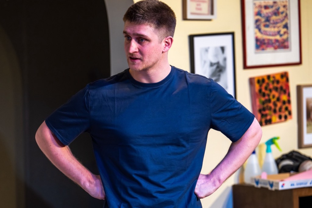 Isaac (Luke Visentin), known simply as ‘I’, returns home from a stint in the military to find his childhood house in utter chaos. Laundry litters the floor, dirty dishes clog the kitchen, and the front door is blocked by… stuff. His father, Arnold (Rowan Greaves), is now an incoherent, stupefied figure — a lump in a nightgown smeared with clown makeup. Max (Lola Kate Carlton), Isaac’s sibling, no longer identifies as his sister but as genderqueer, using ze/hir neopronouns. Meanwhile, their mother, Paige (Jodine Muir), freed from Arnold’s violent tyranny, enforces one strict rule: absolutely no cleaning. This is far from a happy household.
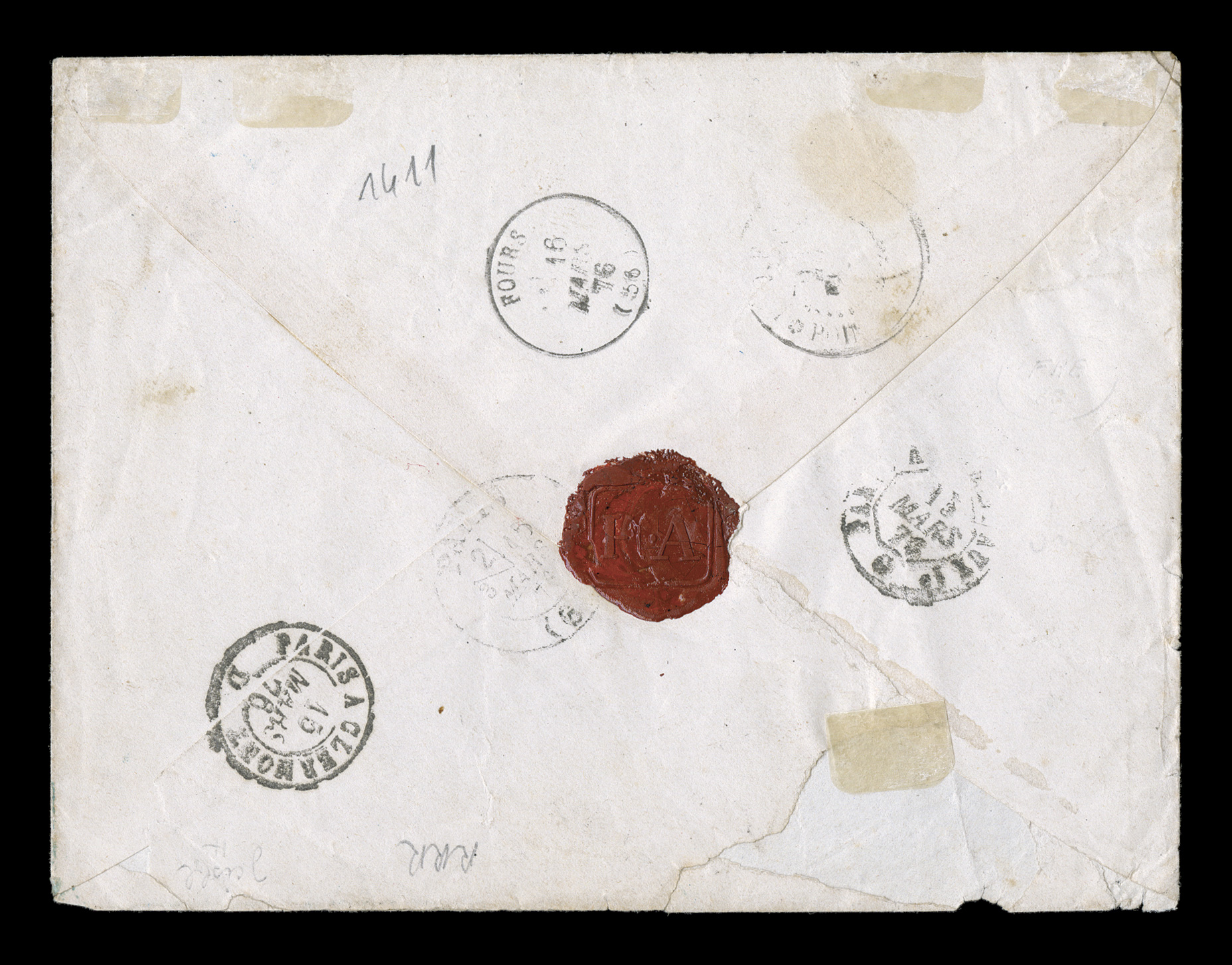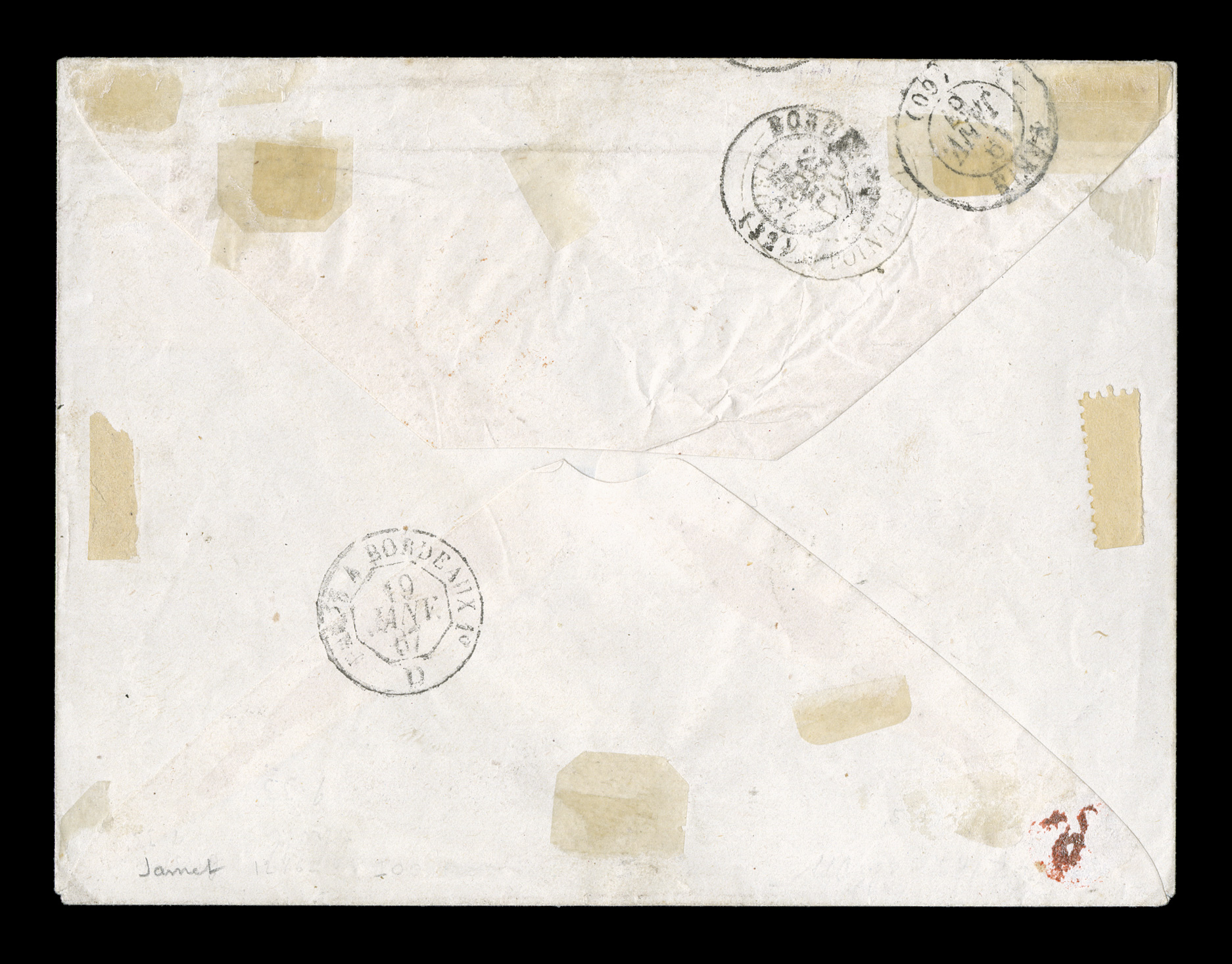 touching at one point on the strip, stamps tied to 1864 folded cover toFrench Colonies Yvert #3, 5, 1859 10c Yellow bister vertical strip of three and 40c Vermilion, handsome Eagle franking with mostly clear to large margins on both values, just touching at one point on the strip, stamps tied to 1864 folded cover to France paying the 70c British packet rate from the smaller island of Marie Galante by 7x7 point black lozenge cancels, black "Grand-Bourg (Mie Gte)/(Guadeloupe)/8 Nov 1864" rimless c.d.s., similar Pointe-a-Pitre transit on the reverse the next day, red "PD" boxed handstamp and matching red entry transit for British packet service, Paris transit, backstamped Bordeaux, very fine; Marie Galante is located southeast of the two major islands and Grand Bourg is the principle town on Marie Galante but at this early period it was just a very small town with little mail coming from this lesser island; a rare and attractive cover of the Eagle period. (imagea) (Image) Est. $1,000-1,500
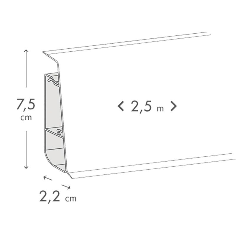 Sockelleiste Prestige - Farbe: hellgrau meliert, Länge: 2500 mm, Höhe: 75 mm, Tiefe: 22 mm
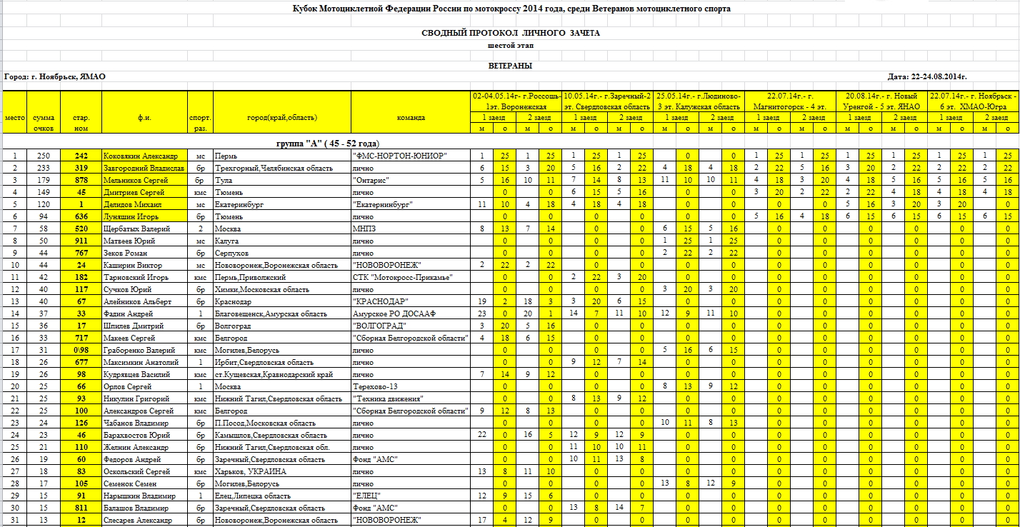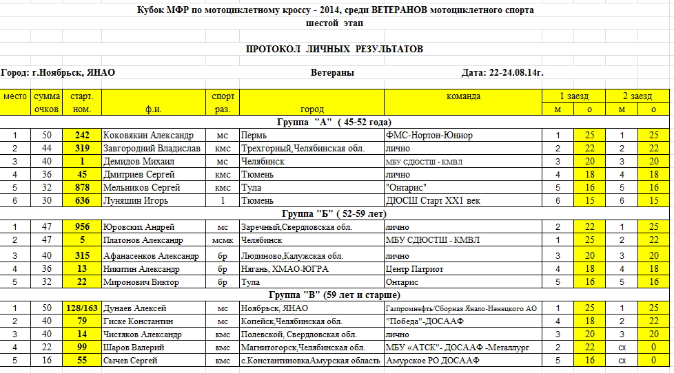Кубок МФР 2014 - Ветераны - Ноябрьск. 28.08.2014 Роман Мишенев (_) Протоколы результатов шестого этапа и общий зачет Кубка МФР 2014 среди ветеранов... Результаты 6-го этапа Кубка Мотоциклетной федерации России среди ветеранов, состоявшегося 22-24 августа в Ноябрьске (Ямало-Ненецкий АО): Комментарии Комментарии к этой статье запрещены.
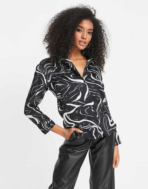 Camisa holgada con estampado monocromático de estilo mármol de satén de ASOS DESIGN
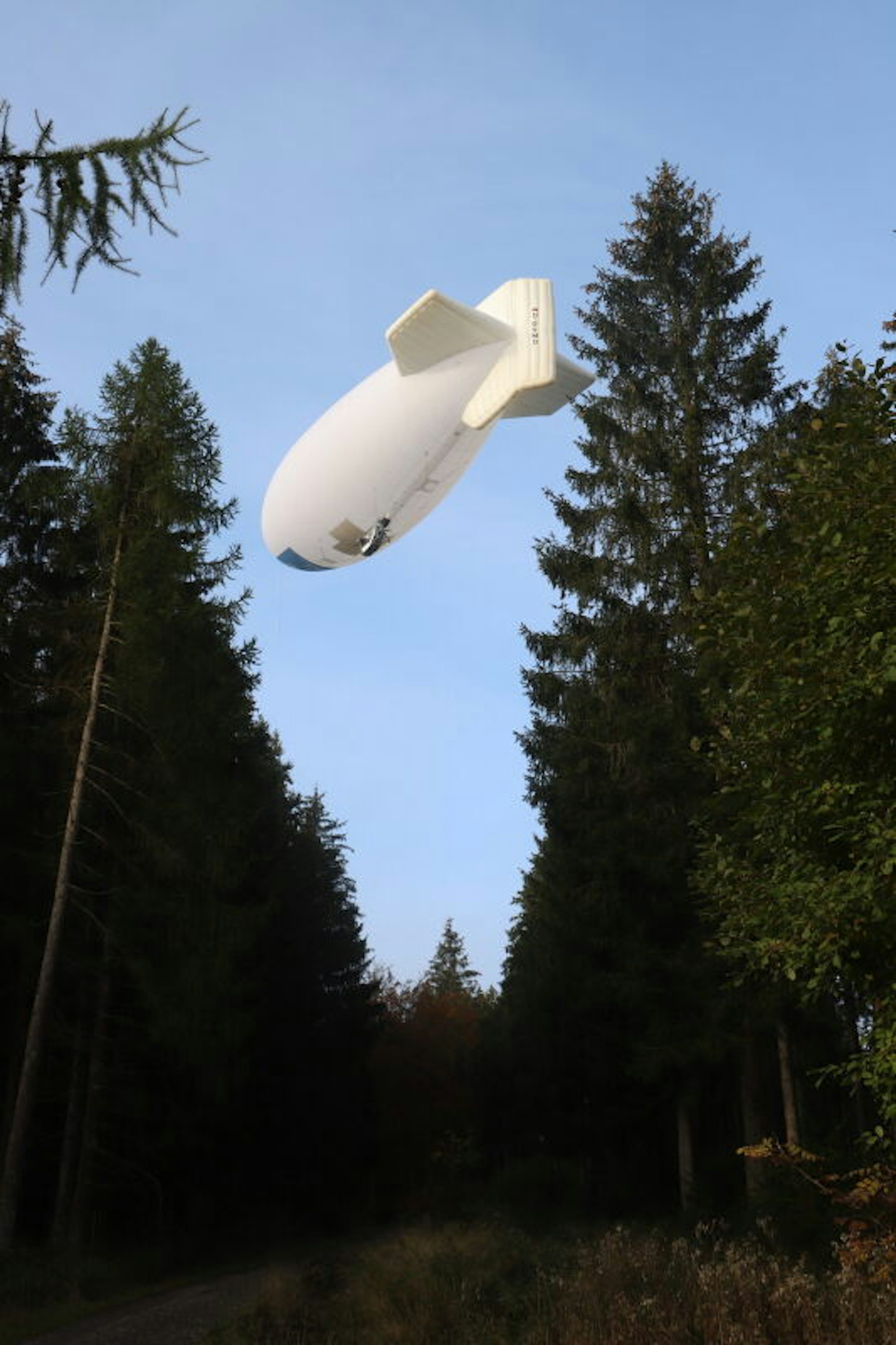 In 20 bis 60 Metern Höhe ist der Zeppelin – im Fachjargon wird die hier genutzte Bauart Blimp genannt – zu Forschungszwecken ziemlich knapp über den Baumwipfeln des herbstlichen Wahlerscheider Waldes unterwegs.
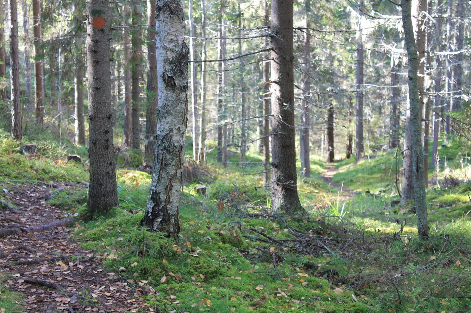 Yhdeksännellä rastilla näkyi todella vanhaa kuusikkoa, kuten vihkonenkin tiesi kertoa.
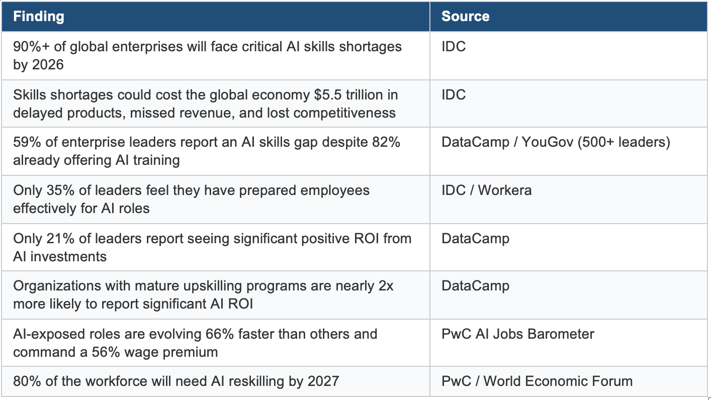 Most organizations are not failing to invest in AI skills. They’re failing to invest in the right skills, for the right people, in the right way. The training exists. The capability does not.

■ ■ ■ ■ ■ ■ ■

• What is expected:
Copy the records exactly; no image should appear in the result.

• Solved problem:
 Isaac (Luke Visentin), known simply as ‘I’, returns home from a stint in the military to find his childhood house in utter chaos. Laundry litters the floor, dirty dishes clog the kitchen, and the front door is blocked by… stuff. His father, Arnold (Rowan Greaves), is now an incoherent, stupefied figure — a lump in a nightgown smeared with clown makeup. Max (Lola Kate Carlton), Isaac’s sibling, no longer identifies as his sister but as genderqueer, using ze/hir neopronouns. Meanwhile, their mother, Paige (Jodine Muir), freed from Arnold’s violent tyranny, enforces one strict rule: absolutely no cleaning. This is far from a happy household.
 touching at one point on the strip, stamps tied to 1864 folded cover toFrench Colonies Yvert #3, 5, 1859 10c Yellow bister vertical strip of three and 40c Vermilion, handsome Eagle franking with mostly clear to large margins on both values, just touching at one point on the strip, stamps tied to 1864 folded cover to France paying the 70c British packet rate from the smaller island of Marie Galante by 7x7 point black lozenge cancels, black "Grand-Bourg (Mie Gte)/(Guadeloupe)/8 Nov 1864" rimless c.d.s., similar Pointe-a-Pitre transit on the reverse the next day, red "PD" boxed handstamp and matching red entry transit for British packet service, Paris transit, backstamped Bordeaux, very fine; Marie Galante is located southeast of the two major islands and Grand Bourg is the principle town on Marie Galante but at this early period it was just a very small town with little mail coming from this lesser island; a rare and attractive cover of the Eagle period. (imagea) (Image) Est. $1,000-1,500
 Sockelleiste Prestige - Farbe: hellgrau meliert, Länge: 2500 mm, Höhe: 75 mm, Tiefe: 22 mm
Кубок МФР 2014 - Ветераны - Ноябрьск. 28.08.2014 Роман Мишенев (_) Протоколы результатов шестого этапа и общий зачет Кубка МФР 2014 среди ветеранов... Результаты 6-го этапа Кубка Мотоциклетной федерации России среди ветеранов, состоявшегося 22-24 августа в Ноябрьске (Ямало-Ненецкий АО): Комментарии Комментарии к этой статье запрещены.
 Camisa holgada con estampado monocromático de estilo mármol de satén de ASOS DESIGN
 In 20 bis 60 Metern Höhe ist der Zeppelin – im Fachjargon wird die hier genutzte Bauart Blimp genannt – zu Forschungszwecken ziemlich knapp über den Baumwipfeln des herbstlichen Wahlerscheider Waldes unterwegs.
 Yhdeksännellä rastilla näkyi todella vanhaa kuusikkoa, kuten vihkonenkin tiesi kertoa.
 Most organizations are not failing to invest in AI skills. They’re failing to invest in the right skills, for the right people, in the right way. The training exists. The capability does not.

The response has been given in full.